Knottier difficulties await the actor who wishes to tackle the boozing, self-loathing teacher who manages to channel Rita's earthy chattering vivacity down the path to articulate critical thinking. Somehow, after an overly frosty start (his "I think you're marvelous" toward the end of Scene 1 snapped my head back a little), Rux straddles the tightrope between weak lush and firm mentor with admirable naturalness. As for forceful spontaneity, you don't want to miss Frank's blowup when the educated Rita praises his poetry.

Fortunately, I've never watched the Michael Caine film, so Rux's relative youth as Frank never bothered me -- and the laugh-out-loud moments hit with maximum surprise and delight. Director Glenn T. Griffin has this train running at an exhilarating pace, and it promises to be a truly well-oiled machine as it steams into its final two weeks.

Since the bygone days of Matt Cosper and his fellow guerillas of The Farm (2001-04), I don't remember a new group that has burst on the scene with such youth and self-assurance as the fledgling Yellow Bird Theatre Company. They hatched in the lobby of Theatre Charlotte last weekend with a two-performance run of Play on Words, a new play by Aubrey Nolan.

Nolan's drama, built on precisely observed vignettes at an arts-oriented high school, chronicles Colin McBride's obsessive crush on ultracool bisexual heartbreaker Nick Emerson. Just over 60 minutes from the first bell to college and the brink of marriage.

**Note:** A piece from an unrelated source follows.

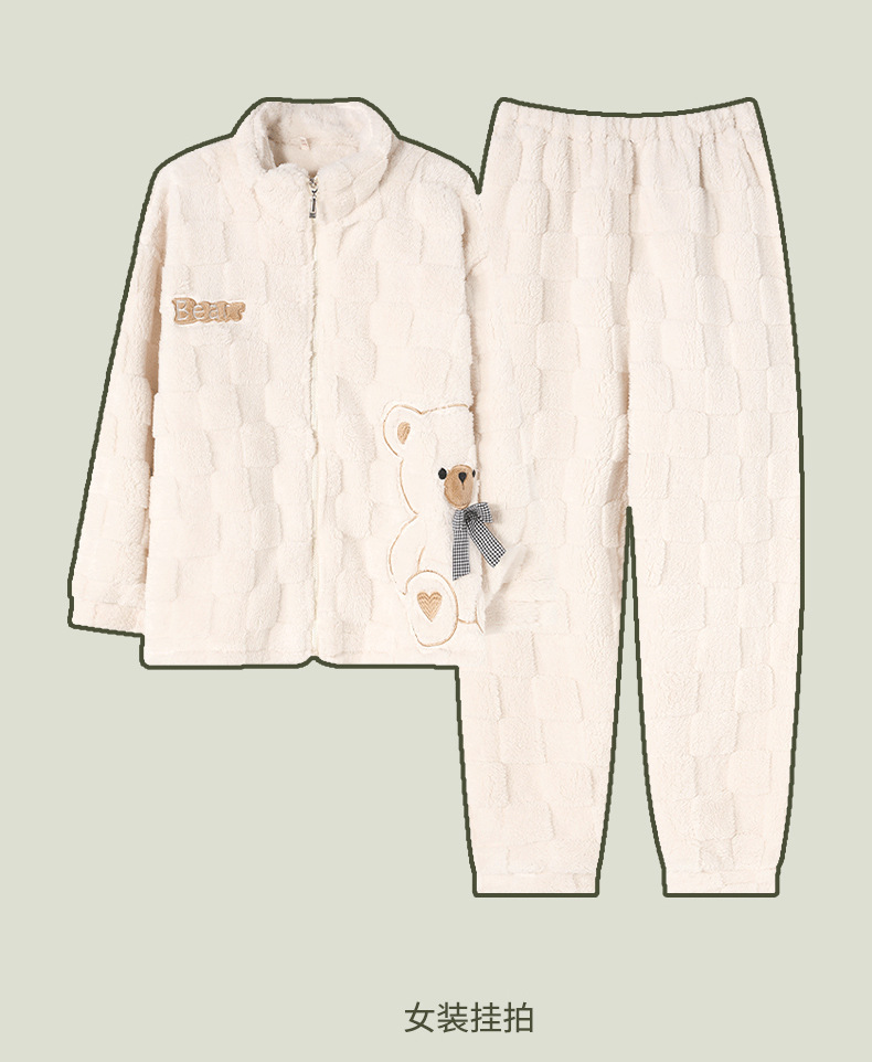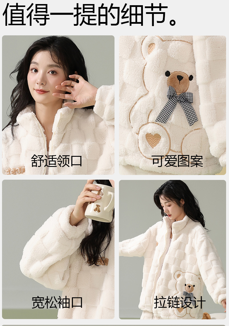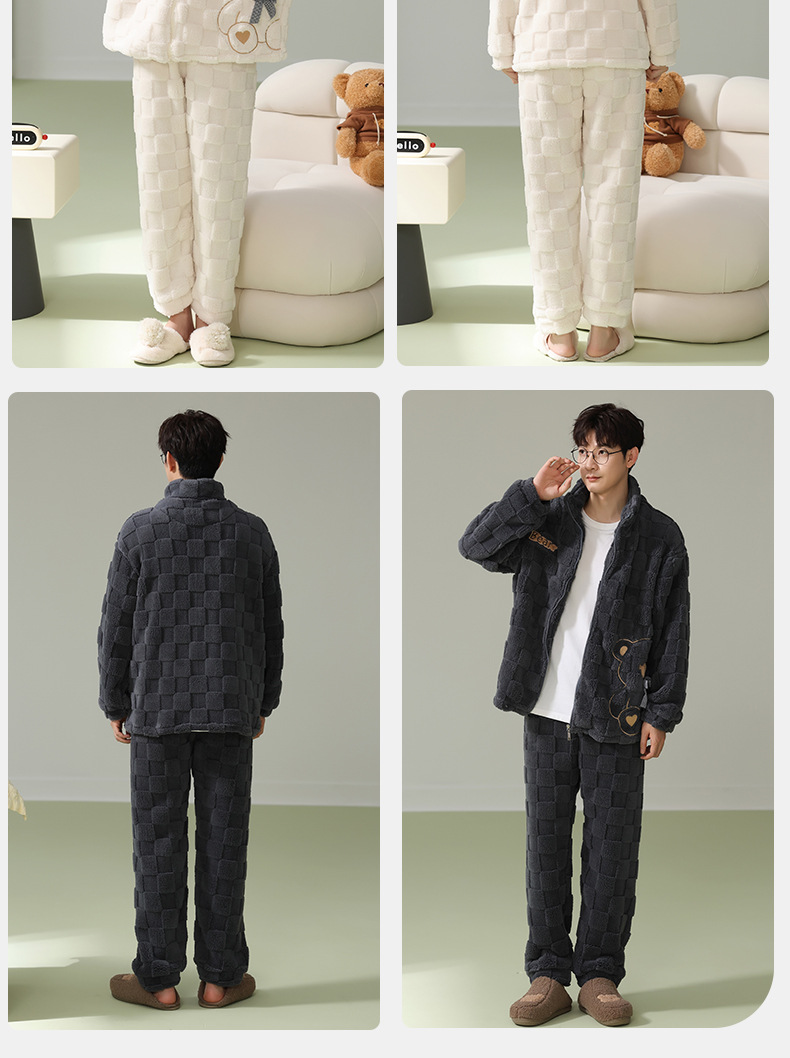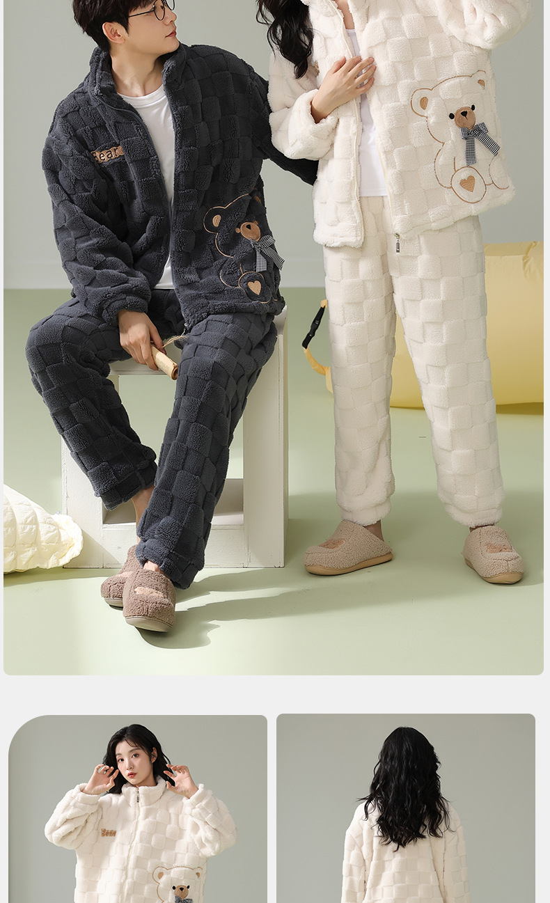 [100% 폴리에스터] 커플 잠옷 여자의 산호 양털 가을과 겨울 두꺼운 기모 남자의 가정 의류 세트스토어 가기

Characterization in Nolan's script, occasionally thin, wasn't quite as sharp as her ear for dialogue and her storytelling instincts. Yellow Bird's artistic director, Benjamin Brian McCarthy, kept it real -- impressing upon his cast that we needed to see high school even when the students were tootling in and out of their classroom.

Aside from longtime acting guru Dee Abdullah as Colin's mom, the lobby at the Queens Road barn was teeming with fresh meat. Brandon Curry gave his confessions a girlish touch when he edged the narrative along, a nice contrast to his more controlled demeanor when powwowing with mom or wooing Nick -- never so limp that we couldn't believe him scolding Nick for his various screw-ups and infidelities.

Jessica Lit kept Colin's best friend/Jiminy Cricket believable, and Wes Turner was tough-love credible as the drama teacher. But of course, Daniel Pietruszka plucked the true plum role as Nick ñ cool, manipulative, and stoned in the glow of Colin's idolatry, shrill and manic when things fell apart. The manic was a tad shaky, but the cool was dead-on.